How to complete this task:
In the data below, begin at the line with "Gamified wellness challenges" and stop after the line with "По задумке, работая"; output those lines exactly and no pictures.

Provided information:
● ● ● ● ● ● ●

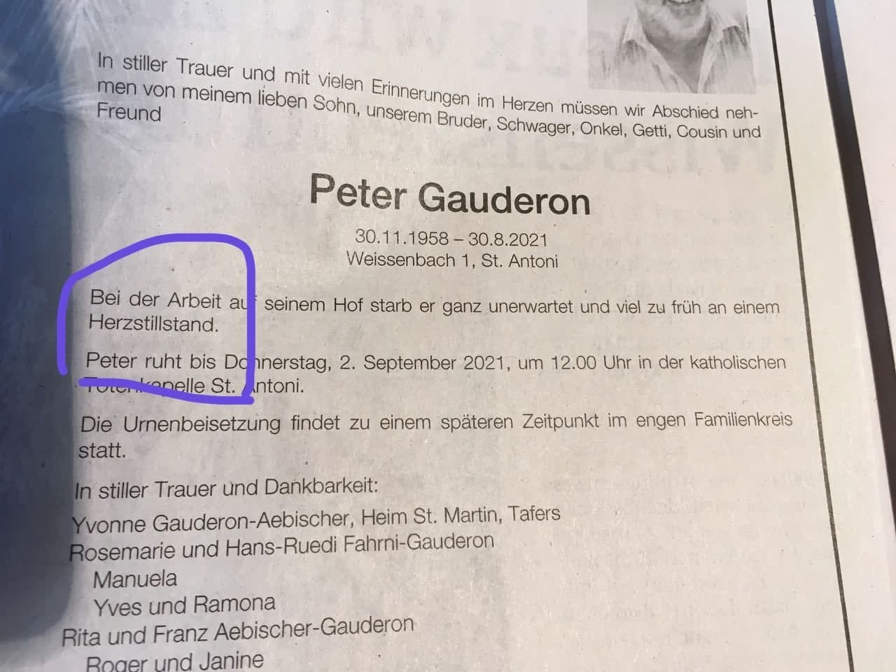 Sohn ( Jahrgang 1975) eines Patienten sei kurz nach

● ● ● ● ● ● ●

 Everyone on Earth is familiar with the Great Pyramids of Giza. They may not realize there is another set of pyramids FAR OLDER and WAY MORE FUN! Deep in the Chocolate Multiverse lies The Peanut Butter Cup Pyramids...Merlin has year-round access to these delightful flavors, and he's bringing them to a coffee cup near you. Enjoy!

● ● ● ● ● ● ●

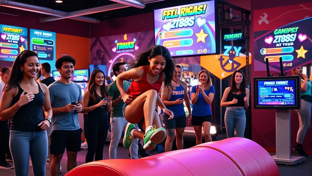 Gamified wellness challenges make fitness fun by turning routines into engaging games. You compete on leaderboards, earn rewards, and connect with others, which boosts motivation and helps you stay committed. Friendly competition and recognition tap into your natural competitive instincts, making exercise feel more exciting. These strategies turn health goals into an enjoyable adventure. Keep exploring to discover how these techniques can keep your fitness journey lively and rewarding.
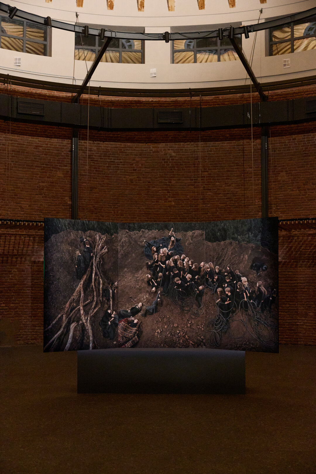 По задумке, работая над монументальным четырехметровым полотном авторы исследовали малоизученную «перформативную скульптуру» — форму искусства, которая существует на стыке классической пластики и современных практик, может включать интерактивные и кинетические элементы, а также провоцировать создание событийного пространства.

● ● ● ● ● ● ●

Worked solution:
 Gamified wellness challenges make fitness fun by turning routines into engaging games. You compete on leaderboards, earn rewards, and connect with others, which boosts motivation and helps you stay committed. Friendly competition and recognition tap into your natural competitive instincts, making exercise feel more exciting. These strategies turn health goals into an enjoyable adventure. Keep exploring to discover how these techniques can keep your fitness journey lively and rewarding.
 По задумке, работая над монументальным четырехметровым полотном авторы исследовали малоизученную «перформативную скульптуру» — форму искусства, которая существует на стыке классической пластики и современных практик, может включать интерактивные и кинетические элементы, а также провоцировать создание событийного пространства.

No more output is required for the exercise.